Kevin Hillstrom: MineThatData

Exploring How Customers Interact With Advertising, Products, Brands, and Channels, using Multichannel Forensics.

May 30, 2008

Great Moments In Database Marketing #5: Free Friday

If you are a database marketer, one who specializes on answering questions using SPSS/SAS/SQL, you've met up face-to-face with the concept of the "time crunch".

You begin your work day with a clear vision of what you want to accomplish. By 8:43am, your day has gone sideways. Elsie in Customer Service wants you to query the customer records of an individual who is upset that she no longer receives e-mail campaigns. The angry VP down the hall wants you to count how many customers responded to his promotion using a specific discount code last Wednesday. The earnest search marketer wants you to calculate how many customers visiting your site with a specific keyword place subsequent orders.

Before you know it, you spend your entire day writing queries for folks who do not have the skills necessary to query a database. If you go down this path, you lose your identify. You are no longer a valuable employee --- instead, you become a hybridized version of software.

Worse, you spend almost no time working on strategic issues. Everything you do is calibrated toward answering random "point in time" questions.

How do you fix this problem?

You don't!

But you can do something to mitigate the problem. I called it "Free Friday".

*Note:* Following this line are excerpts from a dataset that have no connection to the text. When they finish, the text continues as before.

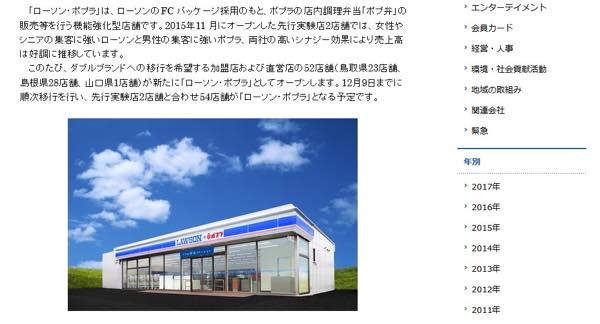 ローソンはすでに、山陰地方を中心に店舗展開していた「ポプラ」と資本業務提携し、「ローソン・ポプラ」ブランドに転換している実績があった。ポプラの店内調理弁当「ポプ弁」も販売し、機能強化型店舗としてシナジー効果を発揮していた。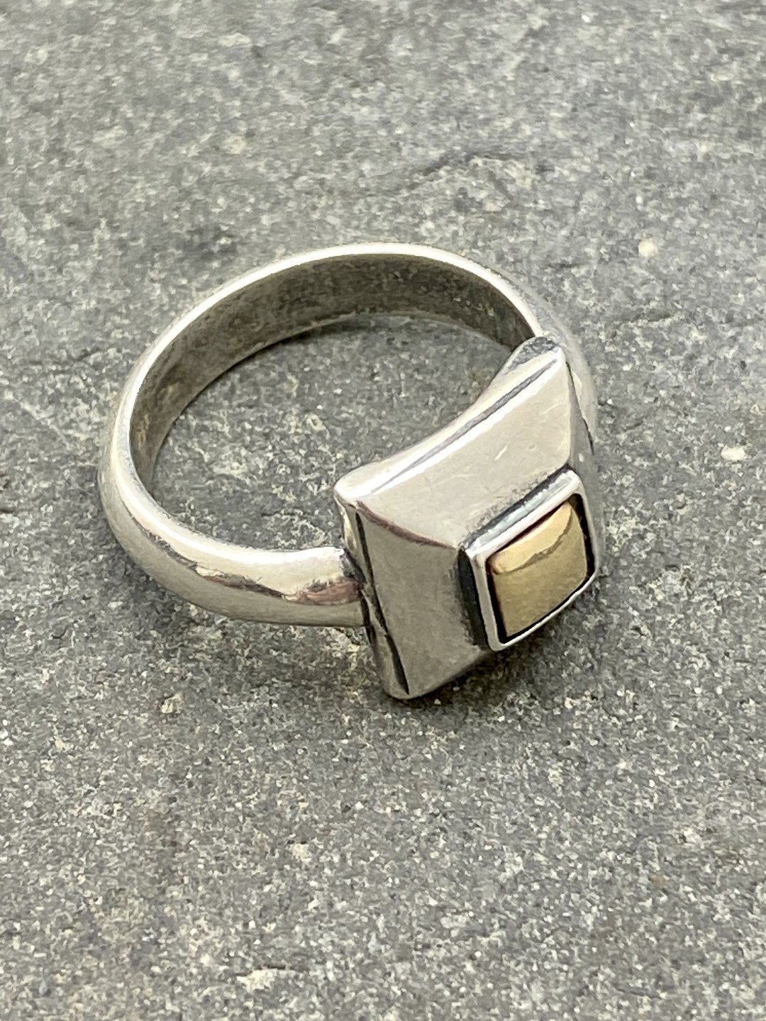Art deco sterling silver ring size 54 with gold Nr. 402229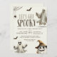 Hospede a última celebração do Dia das Bruxas com este convite para a festa do Dia das Bruxas "Vamos Ficar Loucos"! Perfeito para crianças, famílias ou festas de fantasias adultos, este design bonitinho e ligeiramente assustador apresenta fantasmas felizes, morcegos, teias de aranha e um espantalho branco de abóbora vestindo um chapéu de bruxa. Ideal para convidar hóspedes para o seu concurso de fantasia ou reunião de truques. Personalize facilmente os detalhes do evento, incluindo informações sobre data, hora, local e RSVP.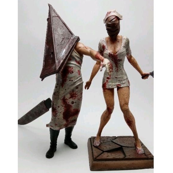 Estatuas Pyramid Head e Enfermeira Silent Hill em 3d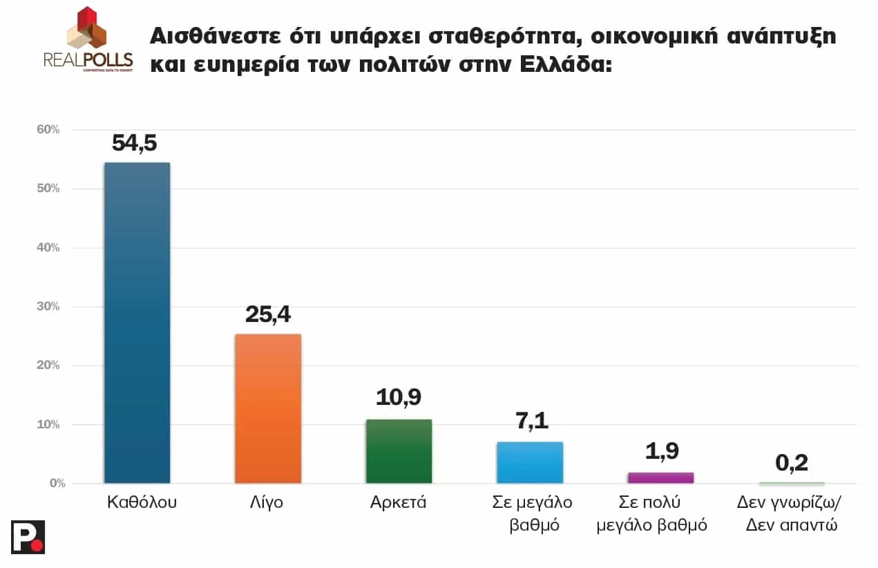 Πως η πλειοψηφία των πολιτών αισθάνεται ότι η χώρα δεν κινείται προς την σωστή κατεύθυνση, ούτε ότι υπάρχει σταθερότητα, οικονομική ανάπτυξη και ευημερία.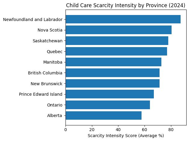 This chart averages the maximum-capacity and waiting-list rates across both the for-profit and non-profit sectors and presents them as a single composite scarcity intensity score: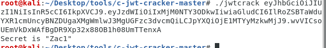 5、对JWT进行爆破攻击,得到我们secret。使用的工具:c-jwt-cracker;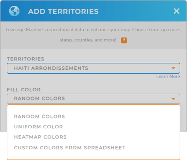 Enhance your analytic ability to identify market trends in each arrondissement within seconds! Just add a new territory from Mapline’s territory. Type HAITI in the search bar and click on HAITI ARRONDISSEMENTS.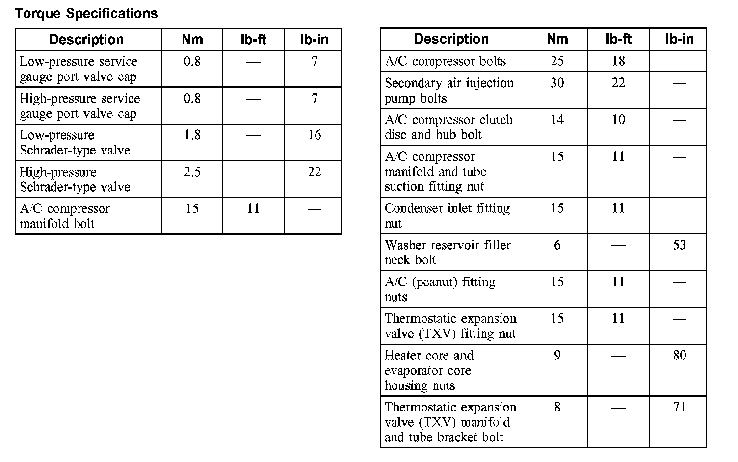 Torque Specifications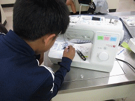 | 2月13日(金) 家庭科の授業(エプロン作り)の様子【5学年】 ・ミシンの糸が絡まったり、縫いがずれたりと苦戦しながらも協力して取り組んでいました。 |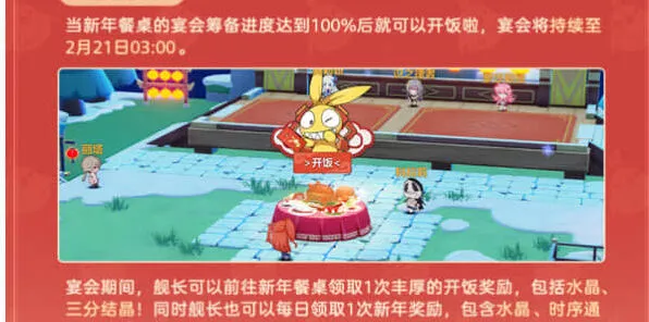 新春宴会:当新年餐桌的宴会筹备进度达到100%后就可以开饭啦,宴会将持续至2月21日03:00。宴会期间舰长可以前往新年餐桌领取1次丰厚的开饭奖励,包括水晶、三分结晶!同时舰长也可以每日领取1次新年奖励,包含水晶、时序通行证奖励~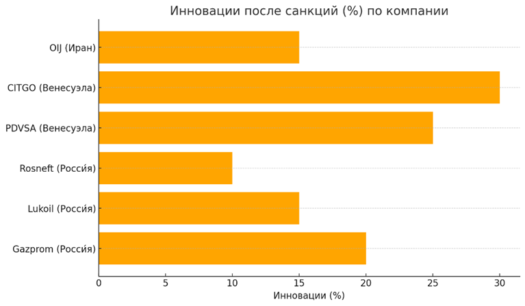 Финансовые трудности, с которыми сталкиваются компании, очевидны из-за предполагаемых убытков, которые составляют от 4 до 20 миллиардов долларов. Это подтверждается исследованиями, показывающими, что финансовая нестабильность, вызванная санкциями, оказывает негативное влияние на инвестиционный климат в инновационном секторе [13]. Несмотря на эти препятствия, уровень инноваций в таких компаниях, как CITGO (30%) и PDVSA (25%), высок, что говорит о том, что компании иногда могут менять свою стратегию и искать альтернативные решения. В литературе утверждается, что принудительные инновации могут возникать в ответ на внешние факторы, что позволяет компаниям исследовать новые рыночные возможности и совершенствовать свои процессы [17].

The idea isn't a new one. In 1996 at Eddie Bauer, I was stuck in a rut similar to the one I mentioned earlier. So I declared Friday to be "Free Friday". I would not answer any business question on Friday ... ANY Friday! Friday was "my time", time to research strategic issues and obtuse problems others didn't find important.

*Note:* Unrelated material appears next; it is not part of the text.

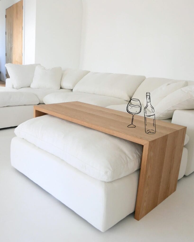 The star here is the C-shaped ottoman tray — basically a flat plank with two side legs that straddle your ottoman. No screws, no tools. You can find these in solid oak or plywood on Etsy, or DIY one with a 60″ x 16″ board and two 14″ side panels.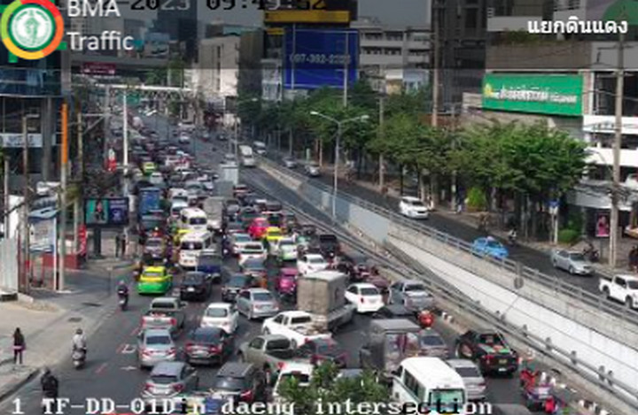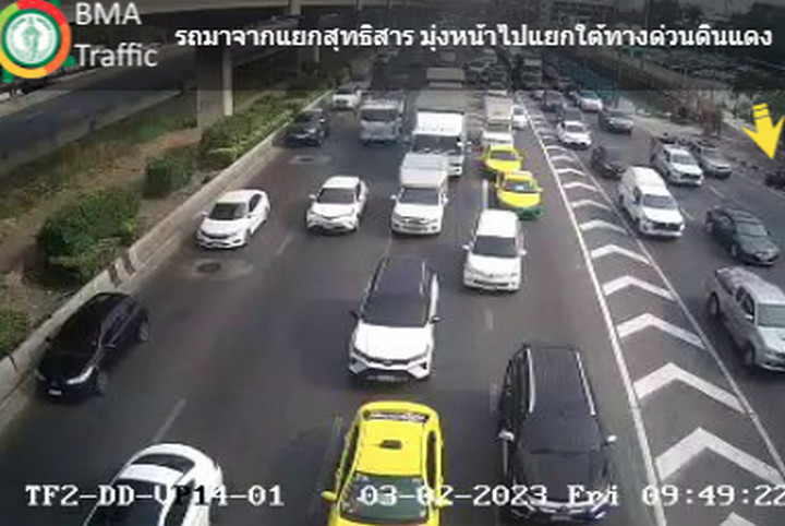 09.50 น. ถนนวิภาวดี-รังสิต ขาเข้า มุ่งหน้าใต้ด่วนดินแดง ท้ายแถวสะสมหน้าศูนย์ฝึก รด.

There was a price to pay for this freedom. I had to work forty hours a week Monday - Thursday to meet the needs of my co-workers. But then Friday was all mine.

Almost every key strategy that we employed in catalog marketing in 1998 - 2000 came from the "Free Friday" days of 1996 - 1997. Multichannel Forensics are almost entirely the result of "Free Friday". Our new store scoring algorithm and cannibalization metrics were the result of "Free Friday". Understanding online cannibalization was the result of "Free Friday". Interestingly, none of these topics were requested by co-workers or Sr. Management. They came from having the time to think clearly, to research ideas, to freely explore concepts.

Consider the concept of "Free Friday" in your work environment.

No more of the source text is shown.